Earth’s Close Encounter with Large Asteroid on July 3rd 2006
Astronomers anticipate the approach of a prominent sized asteroid as it passes Earth just beyond the orbit of the moon.
Discovered by Lincoln Laboratory Near Earth Asteroid Research (LINEAR) on December 10th 2004, Asteroid 2004 XP14, is due to come uncomfortably close to Earth during the early hours of Monday July 3rd 2006.
The LINEAR project, funded by the United States Air Force and NASA, uses technology that was developed to monitor satellites orbiting the Earth, in an attempt to locate and record potential cosmic threats to our planet. To date, the LINEAR project has confirmed 1622 Near Earth Objects (NEOs), which also includes comets with a close approach orbit to the Earth. The greatest current potential impact risk, at an estimated diameter of 300 metres, is asteroid 99942 Apophis (2004 MN4) when it approaches Earth in April 2036. The probability of 99942 Apophis impacting the Earth is 0.0026% or 1 in 38,000.
Believed to be 600 metres or more in diameter, Asteroid 2004 XP14 was originally thought to be an impact threat, but further studies of its orbit later revealed the big rock is not an immediate danger to the Earth. Classed as a PHA (Potentially Hazardous Asteroid), 2004 XP14 is one of 796 within this classification, which is defined as an asteroid with a Minimum Orbit Intersection Distance (MOID) with the Earth of 0.05 AU or less, and an absolute magnitude of 22.0 or brighter.
The asteroid will pass just beyond the orbit of the moon at 1.1 LD (lunar distance from Earth) and is expected to reach an absolute magnitude of 12, so amateur and professional astronomers will be readying their telescopes in order to catch a glimpse of the fly-by. It will be traveling at a relative velocity of 17.41 kilometres per second.

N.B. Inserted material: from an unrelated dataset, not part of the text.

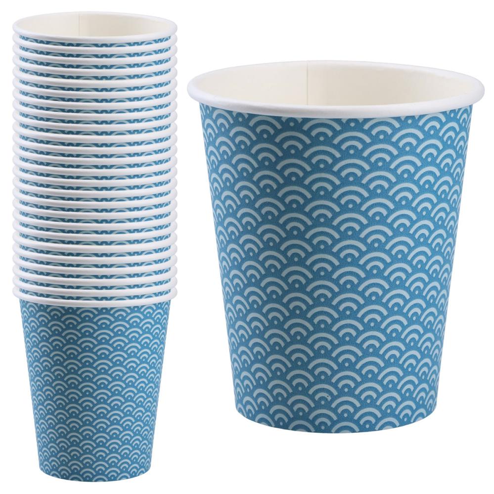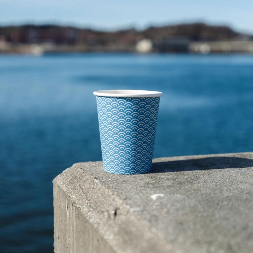 Pappkopper Bølger 23 cl 25-pakning inneholder 25 engangskopper, dekorert med et blått bølgemønster.

At a distance of 1.7 LD, the most recent close approach by an NEO was only a few days ago on June 28th 2006, by 2006 MB14, but at an estimated diameter of 24-53 metres, it was a mere pebble compared to 2004 XP14. NEOs at such distances are somewhat rare. The next known asteroid expected to pass at a comparable distance of 1.4 LD, is 2005 YU55 in November of 2011; and then another, 1999 AN10, in August of 2027 at a distance of 1.0 LD. NASA reports that asteroid 1999 AN10 is at least 1 kilometre in diameter, and with the projected distance of this asteroid relative to the moon, we can certainly anticipate apocalyptic stories to accompany its approach.